Венедикт Ерофеев: посторонний - [53]

Шрифт
Интервал

Веничка до поры до времени разрешает все противоречия. С одной стороны, его спрашивают, стоит ли хорошая баба тридцати плохих «с научной точки зрения», — он отвечает утвердительно: «С научной, конечно, стоит. В Петушках, например, тридцать посудин меняют на полную бутылку „Зверобоя“» (171); с другой стороны, его спрашивают, «разве не нужна бывает и плохая баба», — и он снова отвечает утвердительно: «Хорошему человеку плохая баба иногда прямо необходима бывает» (172). Так он умудряется двум противоположным тезисам сказать «да», примирить спорящих и возвысить женщину. Именно Веничкина привилегия — провозглашать тосты «за здоровье прекрасного и высокого»: «За орловского дворянина Ивана Тургенева, гражданина прекрасной Франции!» (176); «Итак, за здоровье тайного советника Иоганна фон Гёте» (170). И вот — на какой-то миг ему удается объединить всех общим пиршественным настроением («восстановилось веселье», 169), общей творческой формулой — столь действенной, что все как один начинают пить, «запрокинув головы, как пианисты», сливаясь с «этюдом Ференца Листа „Шум леса“, до-диез минор» (165).

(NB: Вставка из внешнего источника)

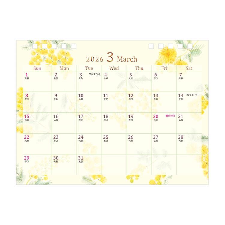 - 2026年1月始まりカレンダー 卓上 リング M カントリータイム 花柄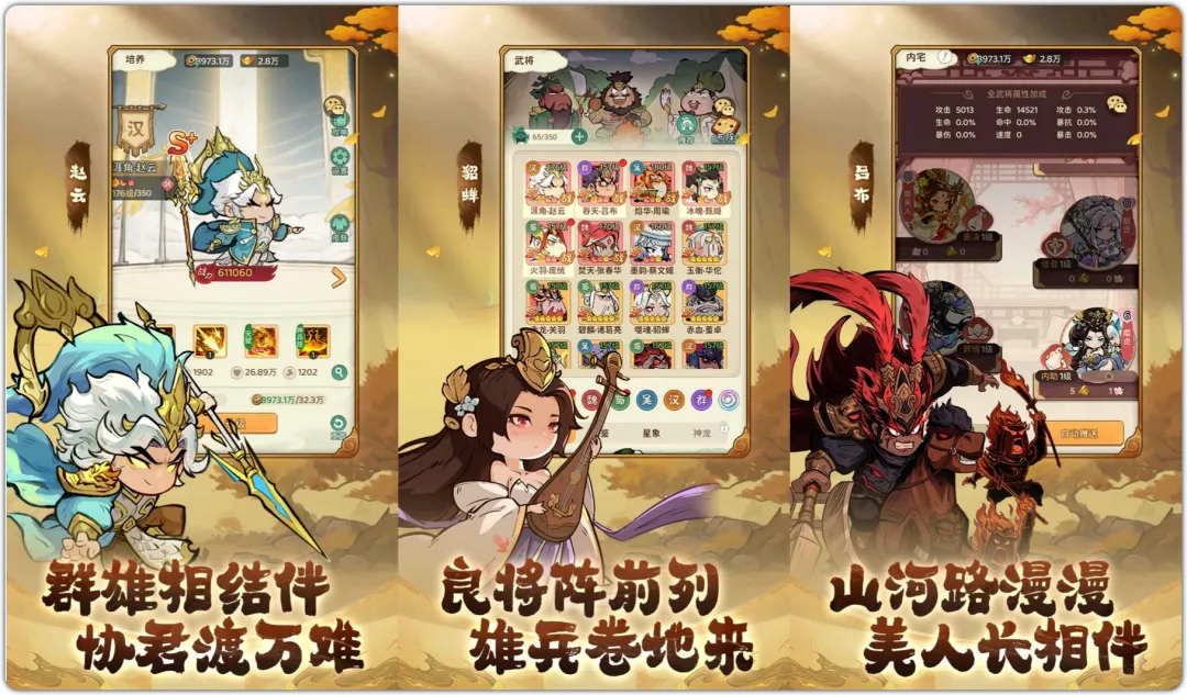 小五碎碎念:三国题材的多回合策略小游戏,泡澡读书养武将,区别于传统三国游戏的高强度肝度,玩法更偏向轻松放置。可搭配不同阵营武将激活羁绊,站位调整也有讲究。首抽必得SSR龙将,无废卡设计,各品阶武将都能进阶,我自己玩下来,我觉得节奏略慢于其他的三国,适合喜欢三国题材、想玩策略游戏又不想费肝,然后想要慢慢玩的玩家。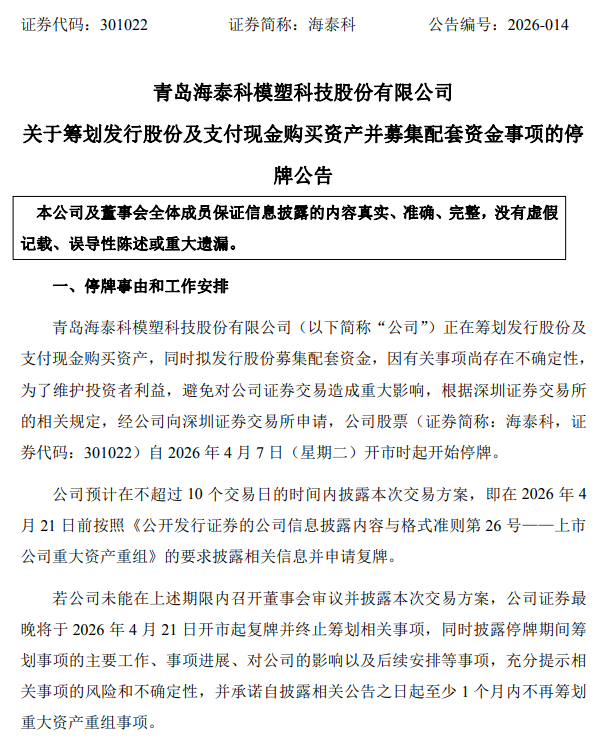 根据公告,海泰科已与旭域股份实际控制人杨宝和等主要股东签署了《股权合作备忘录》。公司股票自4月7日起停牌,预计最晚于4月21日前披露交易方案。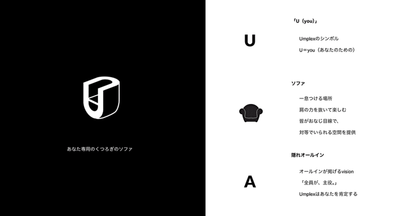 前田:ロゴの決め手はモチーフですね。採用したロゴは「ソファ」をモチーフにしています。肩の力を抜いて、映画や漫画のように求人のコンテンツを楽しめるメディアとしたかったのでピッタリだなと。実際にUmplexには、ALL-INが制作したエンタメ性の高いコンテンツが豊富にあるので、ぜひ見ていただきたいです。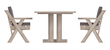 the deck in heavy storms. A simple balustrade frame forms the legs and back,

Кажется даже, что Веничке удается подняться выше строгой симметрии природных законов, опровергнуть выведенную черноусым ее геометрическую закономерность — «заветную лемму», утверждающую: «Если с вечера, спьяна природа нам „передала“, то наутро она столько же и недодаст, с математической точностью» (171). Преследование героя наваждением симметрии продолжается в течение всех перегонов от Храпунова до Орехово-Зуева. Логические конструкции то и дело закручиваются хиастическими параллелизмами: «Нет, эти двое украсть не могли. Один из них, правда, в телогрейке, а другой не спит, — значит, оба, в принципе, могли украсть. Но ведь один-то спит, а другой в коверкотовом пальто» (162). Фразы отражаются друг в друге крест-накрест: «Я все могу понять, если захочу простить <…> Я все прощу, если захочу понять» (164). Образы двоятся бредовой, косой зеркальностью: «…он в жакетке, и она — в жакетке; он в коричневом берете и при усах, и она — при усах и в коричневом берете» (162). Явления сливаются в мерцающем подобии: «никак не могу разобрать, кто отчего пьет: низы, глядя вверх, или верхи, глядя вниз»; все втягивается в симметрические ряды — «баба — лемма», «усы — баба» (171). Но Веничка сопротивляется этому навязчивому мотиву двоения, «голой зеркальности» (171); это-то и замечает черноусый, глядя в «замутненность» глаз своего сотрапезника, познавшего бездны. Подобно былым собутыльникам, укорявшим героя избранничеством (следованием Каину и Манфреду), идеолог в берете тоже исключает его из ряда обычных людей: «А у вас — все не как у людей, все, как у Гёте!..» (171). От навязанной природой человеку леммы Веничку хранит его тайна, скрывающаяся в «замутненности» глаз.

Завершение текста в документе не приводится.